WHAT THE TASK ASKS:
Scan the records beneath this line for the line holding "終わりの会で活動を振り返って" and the line holding "IMAGEN DEL REAL", then transcribe exactly those two and all lines between.

Items listed in a dataset
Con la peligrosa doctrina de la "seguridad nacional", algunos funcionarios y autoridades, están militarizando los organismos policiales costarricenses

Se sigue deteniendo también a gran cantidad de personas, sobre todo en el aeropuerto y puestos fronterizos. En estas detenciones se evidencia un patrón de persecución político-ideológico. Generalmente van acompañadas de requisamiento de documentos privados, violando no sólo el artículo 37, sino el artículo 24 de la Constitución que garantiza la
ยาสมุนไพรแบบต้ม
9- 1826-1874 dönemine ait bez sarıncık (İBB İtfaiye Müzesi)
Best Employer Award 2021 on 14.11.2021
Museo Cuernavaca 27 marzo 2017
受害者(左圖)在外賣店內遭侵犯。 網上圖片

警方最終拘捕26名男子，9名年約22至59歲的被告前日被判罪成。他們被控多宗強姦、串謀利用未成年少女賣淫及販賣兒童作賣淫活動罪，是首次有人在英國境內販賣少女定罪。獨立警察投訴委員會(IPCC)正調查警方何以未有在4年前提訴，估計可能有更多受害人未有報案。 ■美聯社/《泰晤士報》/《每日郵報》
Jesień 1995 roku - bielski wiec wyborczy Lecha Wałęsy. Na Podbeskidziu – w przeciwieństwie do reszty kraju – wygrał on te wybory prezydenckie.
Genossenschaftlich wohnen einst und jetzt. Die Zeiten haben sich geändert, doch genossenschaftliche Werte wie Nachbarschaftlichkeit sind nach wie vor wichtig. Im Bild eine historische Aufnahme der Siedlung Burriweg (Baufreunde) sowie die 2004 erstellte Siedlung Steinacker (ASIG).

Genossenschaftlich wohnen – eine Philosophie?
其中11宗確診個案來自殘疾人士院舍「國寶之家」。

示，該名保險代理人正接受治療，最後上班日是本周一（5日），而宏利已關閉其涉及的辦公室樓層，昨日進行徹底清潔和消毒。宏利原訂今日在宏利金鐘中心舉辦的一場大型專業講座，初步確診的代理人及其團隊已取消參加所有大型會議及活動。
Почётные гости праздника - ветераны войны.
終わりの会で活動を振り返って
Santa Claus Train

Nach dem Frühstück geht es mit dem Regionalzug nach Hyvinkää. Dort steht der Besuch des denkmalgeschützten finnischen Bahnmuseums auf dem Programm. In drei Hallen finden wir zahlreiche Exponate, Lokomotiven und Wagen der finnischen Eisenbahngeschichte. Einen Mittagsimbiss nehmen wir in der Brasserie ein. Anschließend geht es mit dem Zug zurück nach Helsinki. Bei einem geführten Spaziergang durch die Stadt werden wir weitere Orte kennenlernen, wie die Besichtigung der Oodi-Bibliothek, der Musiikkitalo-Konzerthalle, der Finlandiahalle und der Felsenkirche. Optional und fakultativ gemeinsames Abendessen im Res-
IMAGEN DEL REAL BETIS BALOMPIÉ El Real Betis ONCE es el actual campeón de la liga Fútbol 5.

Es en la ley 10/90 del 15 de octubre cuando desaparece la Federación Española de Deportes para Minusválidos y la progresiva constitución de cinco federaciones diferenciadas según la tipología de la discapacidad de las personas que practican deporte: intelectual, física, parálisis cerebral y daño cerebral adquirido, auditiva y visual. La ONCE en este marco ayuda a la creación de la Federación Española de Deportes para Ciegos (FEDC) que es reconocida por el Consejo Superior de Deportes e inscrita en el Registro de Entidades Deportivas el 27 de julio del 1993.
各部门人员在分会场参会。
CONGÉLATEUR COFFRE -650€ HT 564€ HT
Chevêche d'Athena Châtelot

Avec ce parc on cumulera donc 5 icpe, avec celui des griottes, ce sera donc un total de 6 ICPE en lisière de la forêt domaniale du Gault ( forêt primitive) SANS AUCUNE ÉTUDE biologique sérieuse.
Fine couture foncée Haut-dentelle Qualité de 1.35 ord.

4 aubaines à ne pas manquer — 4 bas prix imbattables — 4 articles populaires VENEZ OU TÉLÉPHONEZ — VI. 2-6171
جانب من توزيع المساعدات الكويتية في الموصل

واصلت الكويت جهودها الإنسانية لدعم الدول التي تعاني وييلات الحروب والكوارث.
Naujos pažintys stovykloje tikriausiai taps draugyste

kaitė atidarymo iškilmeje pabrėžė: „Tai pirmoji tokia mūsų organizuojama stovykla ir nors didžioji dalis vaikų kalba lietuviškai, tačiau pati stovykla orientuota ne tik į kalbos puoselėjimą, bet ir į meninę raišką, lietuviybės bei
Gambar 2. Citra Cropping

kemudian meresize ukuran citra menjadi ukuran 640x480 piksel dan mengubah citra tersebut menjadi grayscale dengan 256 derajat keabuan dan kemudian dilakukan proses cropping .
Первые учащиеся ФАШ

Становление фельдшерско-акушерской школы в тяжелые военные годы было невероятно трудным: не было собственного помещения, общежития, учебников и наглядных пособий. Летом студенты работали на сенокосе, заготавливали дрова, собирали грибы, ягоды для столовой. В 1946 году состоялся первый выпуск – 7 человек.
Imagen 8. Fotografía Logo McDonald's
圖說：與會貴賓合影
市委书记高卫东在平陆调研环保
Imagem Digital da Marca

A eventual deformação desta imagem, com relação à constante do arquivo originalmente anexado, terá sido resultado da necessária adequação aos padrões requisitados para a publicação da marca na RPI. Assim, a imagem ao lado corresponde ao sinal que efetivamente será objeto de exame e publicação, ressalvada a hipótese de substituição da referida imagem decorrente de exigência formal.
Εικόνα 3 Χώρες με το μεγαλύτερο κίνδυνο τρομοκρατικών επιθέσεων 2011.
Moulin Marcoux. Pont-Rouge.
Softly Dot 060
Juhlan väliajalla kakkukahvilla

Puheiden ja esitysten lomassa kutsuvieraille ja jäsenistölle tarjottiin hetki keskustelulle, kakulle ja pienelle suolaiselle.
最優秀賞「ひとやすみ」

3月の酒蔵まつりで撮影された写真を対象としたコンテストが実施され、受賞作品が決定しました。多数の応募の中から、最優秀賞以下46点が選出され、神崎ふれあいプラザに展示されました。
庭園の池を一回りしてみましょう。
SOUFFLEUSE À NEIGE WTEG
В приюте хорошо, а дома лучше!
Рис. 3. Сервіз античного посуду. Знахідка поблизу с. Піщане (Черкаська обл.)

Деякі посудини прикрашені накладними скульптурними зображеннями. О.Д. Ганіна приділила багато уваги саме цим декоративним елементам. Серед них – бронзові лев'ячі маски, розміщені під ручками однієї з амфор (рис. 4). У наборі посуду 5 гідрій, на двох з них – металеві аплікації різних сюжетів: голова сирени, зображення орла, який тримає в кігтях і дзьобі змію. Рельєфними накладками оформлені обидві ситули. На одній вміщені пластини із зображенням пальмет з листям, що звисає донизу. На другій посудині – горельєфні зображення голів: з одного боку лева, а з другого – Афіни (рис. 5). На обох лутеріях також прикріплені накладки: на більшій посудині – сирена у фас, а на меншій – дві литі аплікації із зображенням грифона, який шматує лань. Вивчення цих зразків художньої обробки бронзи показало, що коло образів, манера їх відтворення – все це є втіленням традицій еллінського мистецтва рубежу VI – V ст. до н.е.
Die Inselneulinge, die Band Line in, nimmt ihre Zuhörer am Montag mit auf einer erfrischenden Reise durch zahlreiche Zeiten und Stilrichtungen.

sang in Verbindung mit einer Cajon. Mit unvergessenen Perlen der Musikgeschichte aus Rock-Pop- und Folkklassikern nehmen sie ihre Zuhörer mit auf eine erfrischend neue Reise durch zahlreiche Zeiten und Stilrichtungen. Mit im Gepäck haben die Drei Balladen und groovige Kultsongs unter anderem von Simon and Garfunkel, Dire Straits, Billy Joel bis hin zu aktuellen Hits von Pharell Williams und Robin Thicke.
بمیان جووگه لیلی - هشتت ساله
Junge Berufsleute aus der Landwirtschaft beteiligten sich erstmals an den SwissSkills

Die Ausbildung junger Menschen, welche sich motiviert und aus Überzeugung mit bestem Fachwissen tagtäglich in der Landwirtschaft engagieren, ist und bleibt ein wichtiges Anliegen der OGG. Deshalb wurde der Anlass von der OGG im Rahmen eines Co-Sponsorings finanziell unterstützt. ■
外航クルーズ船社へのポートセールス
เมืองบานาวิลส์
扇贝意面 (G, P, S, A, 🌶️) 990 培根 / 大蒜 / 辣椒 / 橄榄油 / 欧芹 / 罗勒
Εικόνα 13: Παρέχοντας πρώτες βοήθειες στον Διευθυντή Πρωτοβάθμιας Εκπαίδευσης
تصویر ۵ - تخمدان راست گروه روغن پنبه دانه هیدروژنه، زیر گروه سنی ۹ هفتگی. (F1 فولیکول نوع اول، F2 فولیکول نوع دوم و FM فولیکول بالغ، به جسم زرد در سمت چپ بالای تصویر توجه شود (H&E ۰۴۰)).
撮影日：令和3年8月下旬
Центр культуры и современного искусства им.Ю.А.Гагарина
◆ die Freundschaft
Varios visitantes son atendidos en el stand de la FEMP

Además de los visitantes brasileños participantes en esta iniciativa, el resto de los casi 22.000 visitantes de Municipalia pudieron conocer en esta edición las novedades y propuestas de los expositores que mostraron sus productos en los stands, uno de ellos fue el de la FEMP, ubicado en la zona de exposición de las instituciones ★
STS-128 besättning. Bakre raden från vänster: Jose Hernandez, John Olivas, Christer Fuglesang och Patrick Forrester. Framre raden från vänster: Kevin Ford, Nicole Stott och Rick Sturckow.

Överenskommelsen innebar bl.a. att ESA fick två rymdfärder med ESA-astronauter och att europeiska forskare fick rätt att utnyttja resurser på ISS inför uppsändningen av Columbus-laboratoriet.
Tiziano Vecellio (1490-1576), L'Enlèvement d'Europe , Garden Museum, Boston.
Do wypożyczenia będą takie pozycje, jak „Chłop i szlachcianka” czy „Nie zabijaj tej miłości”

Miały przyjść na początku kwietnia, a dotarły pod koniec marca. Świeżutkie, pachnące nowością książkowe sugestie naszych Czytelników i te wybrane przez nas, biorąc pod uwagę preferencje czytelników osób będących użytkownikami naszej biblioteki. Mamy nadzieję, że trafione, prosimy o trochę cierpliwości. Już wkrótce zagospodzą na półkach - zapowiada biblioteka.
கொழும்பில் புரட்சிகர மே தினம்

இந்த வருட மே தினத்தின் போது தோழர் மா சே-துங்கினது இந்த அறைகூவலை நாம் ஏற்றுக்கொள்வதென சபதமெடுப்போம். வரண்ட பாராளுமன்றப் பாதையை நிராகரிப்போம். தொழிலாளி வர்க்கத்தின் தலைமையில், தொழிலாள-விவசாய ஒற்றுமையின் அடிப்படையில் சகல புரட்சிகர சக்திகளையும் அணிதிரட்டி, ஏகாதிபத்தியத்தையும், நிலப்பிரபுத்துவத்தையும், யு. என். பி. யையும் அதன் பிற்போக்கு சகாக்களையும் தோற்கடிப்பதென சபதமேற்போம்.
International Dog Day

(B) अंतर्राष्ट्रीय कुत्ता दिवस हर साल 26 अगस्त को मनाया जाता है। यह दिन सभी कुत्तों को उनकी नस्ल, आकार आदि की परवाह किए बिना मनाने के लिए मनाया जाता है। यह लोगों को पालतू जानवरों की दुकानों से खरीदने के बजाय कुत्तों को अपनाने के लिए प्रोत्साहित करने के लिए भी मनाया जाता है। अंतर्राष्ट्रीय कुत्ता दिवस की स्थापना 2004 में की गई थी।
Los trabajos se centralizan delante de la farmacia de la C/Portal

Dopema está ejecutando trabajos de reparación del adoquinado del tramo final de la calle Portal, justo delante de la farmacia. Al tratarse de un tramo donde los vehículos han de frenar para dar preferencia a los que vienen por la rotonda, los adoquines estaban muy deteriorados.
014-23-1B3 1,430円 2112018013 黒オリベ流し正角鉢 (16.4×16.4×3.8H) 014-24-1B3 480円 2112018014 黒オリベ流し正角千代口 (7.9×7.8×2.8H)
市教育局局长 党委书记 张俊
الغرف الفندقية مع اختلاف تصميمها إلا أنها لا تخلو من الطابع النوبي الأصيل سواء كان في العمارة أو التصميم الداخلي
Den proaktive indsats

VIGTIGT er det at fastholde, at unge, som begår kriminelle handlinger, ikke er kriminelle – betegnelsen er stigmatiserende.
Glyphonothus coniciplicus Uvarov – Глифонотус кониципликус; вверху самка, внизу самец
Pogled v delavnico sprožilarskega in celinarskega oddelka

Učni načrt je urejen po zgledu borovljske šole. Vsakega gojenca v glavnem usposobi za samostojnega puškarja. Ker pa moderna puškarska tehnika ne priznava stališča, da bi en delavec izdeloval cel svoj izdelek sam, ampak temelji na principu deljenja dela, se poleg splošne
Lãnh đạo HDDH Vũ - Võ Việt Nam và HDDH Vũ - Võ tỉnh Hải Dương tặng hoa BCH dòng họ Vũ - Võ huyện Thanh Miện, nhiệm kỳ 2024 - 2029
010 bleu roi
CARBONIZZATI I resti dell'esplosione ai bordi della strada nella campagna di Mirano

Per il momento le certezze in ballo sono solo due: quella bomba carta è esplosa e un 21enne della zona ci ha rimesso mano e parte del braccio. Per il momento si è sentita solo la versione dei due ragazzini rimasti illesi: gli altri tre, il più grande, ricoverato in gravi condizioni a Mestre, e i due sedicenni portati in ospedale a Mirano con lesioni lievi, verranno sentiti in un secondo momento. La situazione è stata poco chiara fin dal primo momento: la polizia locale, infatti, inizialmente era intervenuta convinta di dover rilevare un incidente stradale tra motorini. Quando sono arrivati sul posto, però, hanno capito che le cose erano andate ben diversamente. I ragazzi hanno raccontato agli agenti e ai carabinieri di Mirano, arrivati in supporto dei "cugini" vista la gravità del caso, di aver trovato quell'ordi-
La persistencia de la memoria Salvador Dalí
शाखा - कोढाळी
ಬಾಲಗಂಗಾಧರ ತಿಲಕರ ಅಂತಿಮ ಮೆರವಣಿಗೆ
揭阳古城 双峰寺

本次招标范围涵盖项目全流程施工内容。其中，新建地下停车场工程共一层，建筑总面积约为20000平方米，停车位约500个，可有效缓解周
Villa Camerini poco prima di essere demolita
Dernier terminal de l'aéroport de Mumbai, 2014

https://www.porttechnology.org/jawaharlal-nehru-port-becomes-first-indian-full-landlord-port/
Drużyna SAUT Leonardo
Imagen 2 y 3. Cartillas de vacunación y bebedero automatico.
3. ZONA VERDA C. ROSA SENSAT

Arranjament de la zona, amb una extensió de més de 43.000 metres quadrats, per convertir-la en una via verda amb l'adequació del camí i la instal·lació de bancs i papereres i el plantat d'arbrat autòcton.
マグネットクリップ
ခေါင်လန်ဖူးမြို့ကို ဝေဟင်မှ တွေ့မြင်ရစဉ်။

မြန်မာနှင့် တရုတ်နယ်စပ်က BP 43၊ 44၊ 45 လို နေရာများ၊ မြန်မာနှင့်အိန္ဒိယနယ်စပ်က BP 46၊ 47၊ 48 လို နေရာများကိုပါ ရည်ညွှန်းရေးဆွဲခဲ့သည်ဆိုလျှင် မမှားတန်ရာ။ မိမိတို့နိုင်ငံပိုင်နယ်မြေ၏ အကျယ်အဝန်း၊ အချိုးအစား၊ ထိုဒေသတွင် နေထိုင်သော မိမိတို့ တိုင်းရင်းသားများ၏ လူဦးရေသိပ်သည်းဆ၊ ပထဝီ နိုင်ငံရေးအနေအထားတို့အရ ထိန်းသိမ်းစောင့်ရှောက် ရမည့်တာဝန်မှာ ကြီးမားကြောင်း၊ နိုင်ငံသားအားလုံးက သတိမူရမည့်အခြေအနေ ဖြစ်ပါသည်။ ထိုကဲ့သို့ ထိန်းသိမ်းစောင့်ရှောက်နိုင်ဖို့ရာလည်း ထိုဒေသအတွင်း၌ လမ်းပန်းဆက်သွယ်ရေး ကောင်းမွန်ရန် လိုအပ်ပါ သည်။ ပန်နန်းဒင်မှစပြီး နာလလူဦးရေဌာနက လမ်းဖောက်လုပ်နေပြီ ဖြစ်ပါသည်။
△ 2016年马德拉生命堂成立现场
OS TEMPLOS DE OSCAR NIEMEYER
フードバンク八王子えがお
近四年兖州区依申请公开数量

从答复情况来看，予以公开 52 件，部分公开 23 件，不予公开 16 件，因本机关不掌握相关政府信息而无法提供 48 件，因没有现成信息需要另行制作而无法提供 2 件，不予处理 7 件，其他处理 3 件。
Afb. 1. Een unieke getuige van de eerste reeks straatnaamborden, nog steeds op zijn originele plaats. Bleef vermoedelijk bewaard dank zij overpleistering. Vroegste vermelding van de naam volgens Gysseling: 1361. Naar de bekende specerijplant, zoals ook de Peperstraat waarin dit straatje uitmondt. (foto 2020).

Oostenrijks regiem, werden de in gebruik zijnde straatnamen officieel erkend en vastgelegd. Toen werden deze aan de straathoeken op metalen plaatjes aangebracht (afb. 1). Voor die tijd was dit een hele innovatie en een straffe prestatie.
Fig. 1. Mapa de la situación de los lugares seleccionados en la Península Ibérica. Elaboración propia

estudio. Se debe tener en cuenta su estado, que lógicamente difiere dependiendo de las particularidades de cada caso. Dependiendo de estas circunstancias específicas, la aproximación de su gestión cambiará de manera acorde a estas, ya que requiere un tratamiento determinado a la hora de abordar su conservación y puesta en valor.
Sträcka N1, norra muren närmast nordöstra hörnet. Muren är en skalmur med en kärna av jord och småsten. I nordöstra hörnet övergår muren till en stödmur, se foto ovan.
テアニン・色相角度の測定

TASK ANSWER:
終わりの会で活動を振り返って
Santa Claus Train

Nach dem Frühstück geht es mit dem Regionalzug nach Hyvinkää. Dort steht der Besuch des denkmalgeschützten finnischen Bahnmuseums auf dem Programm. In drei Hallen finden wir zahlreiche Exponate, Lokomotiven und Wagen der finnischen Eisenbahngeschichte. Einen Mittagsimbiss nehmen wir in der Brasserie ein. Anschließend geht es mit dem Zug zurück nach Helsinki. Bei einem geführten Spaziergang durch die Stadt werden wir weitere Orte kennenlernen, wie die Besichtigung der Oodi-Bibliothek, der Musiikkitalo-Konzerthalle, der Finlandiahalle und der Felsenkirche. Optional und fakultativ gemeinsames Abendessen im Res-
IMAGEN DEL REAL BETIS BALOMPIÉ El Real Betis ONCE es el actual campeón de la liga Fútbol 5.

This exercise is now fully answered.